For what it worths I bought a 128Gb SSD for HK$2890 which is about US$372 or GBP225 yesterday. It is a AData 592 Series rated to read at 230Mb/s and write 170Mb/s maximum speed.

I just download a Ubuntu and use it to clone a Vista in a HP laptop.

The transfer speed of moving a 250Gb 5400rpm Samsung to a 500Gb 7200rpm Hitachi 2.5" hard disk was 18.6Mb/s. This is a hard disk to hard disk speed.

When I moved the Vista partition (81Gb) from a 500Gb 5400 rpm Hitachi to the AData 128Gb SSD the transfer speed was 28.6Mb/s. I am using the transferred Vista to write the post after substituting it into the Laptop by removing the 500Gb Hitachi hard disk.

The above transfer speed is sequential read/write using Bash command "dd" via a eSata cable between a docking station and a eSata adaptor using the PC card slot (newer type of PCMCIA) which is faster than the USB port but 2 to 3 times slower than a standard eSata port. The figures are useful mainly as a like-to-like comparison. The actual speeds may change if different CPU/Mobo/port are used.

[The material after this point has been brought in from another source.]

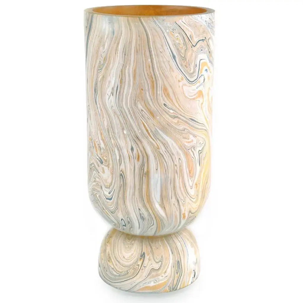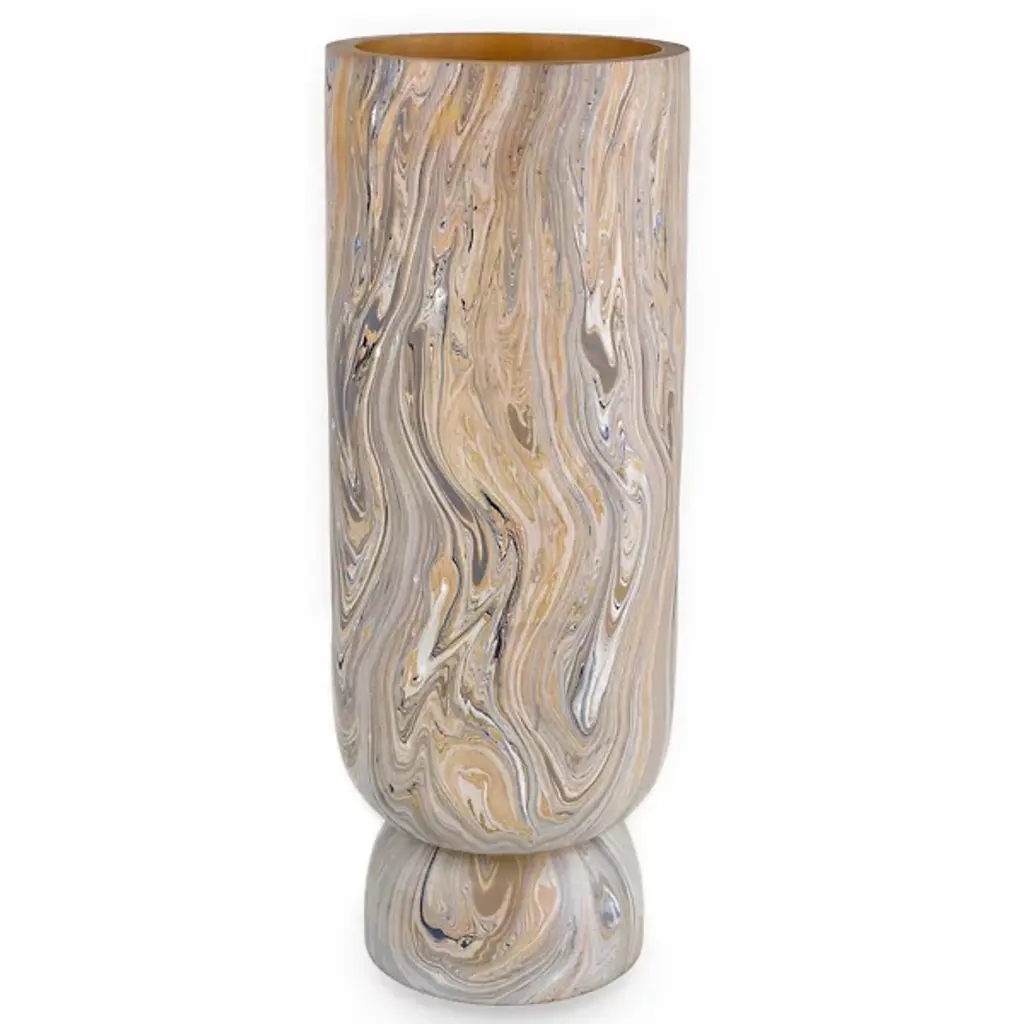 The London Vase Set of 3 from Currey & Company comprises three vases in serene gray and peach hues. Made of wood, swirling hand-painted patterns create a mesmerizing marbleized effect on their surfaces. With a harmonious palette of tan, peach, white, and gray, these decorative accessories exude tactile charm. The dynamic patterning on these multicolored vases lends an element of captivating artistry to any space.

The SSD hard disk has a Sata connection and behave exactly like an ordinary hard disk in both Linux and MS Windows.

The boot up speed of my Vista has been improved from 1 min 22 sec with a 5400 rpm hard disk to 55 sec with the AData SSD.

The respnse of the SSD hard disk is "definitely" faster. This is particularly so in random read when it excels. Everything is genuinely faster.

The downside is the cost. There are several grades of SSD priced according to the maximum read write speed. 200Mb/s read and 170Mb/write is not the best as 250Mb/s read and 200Mb/s write SSDs are available. Lower grades do about 80Gb/s read and 40Mb/s write. A decent 128Gb costs about HK$ 3000 while almost any 500GB 2.5" latop disk (Seagate, WD, Samsug, Fujitsu etc) asking price is between 600 to 650.

The SSD hard disk is the MLC type. The SLC SSDs are even more ridiculously price. The maximum size of SSD in the Hong Kong market is 512Gb for the 2.5" laptop hdd size.

What it prompted me to dive into the SSD was my wish of getting a large capacity pen drive which cost HK$500 for 32Gb and HK$1000 for 64Gb. At that price a solid state 128Gb pen drive, if available but not yet in the market, will cost HK$2000. Thus buying a SSD hard drive is about 50% dearer. By putting the SSD in a casing it will work as a pen drive and a hard disk too, although I am using it as an internal hard disk at the moment. It is an device that can go anywhere.

The AData adverted the SSD having the following advantages

(1) Resistance to shock, vibration, high altitude and temerature
(2) No noise
(3) 80% reduction in power consumption over conventional mechanical hard disks.
(4) Faster startup
(5) Low read/write latency times
(6) Build in ECC and wear-levelling

It does looks to me SSD when getting cheaper eventually can be hard to resist as a fast operational hard disk.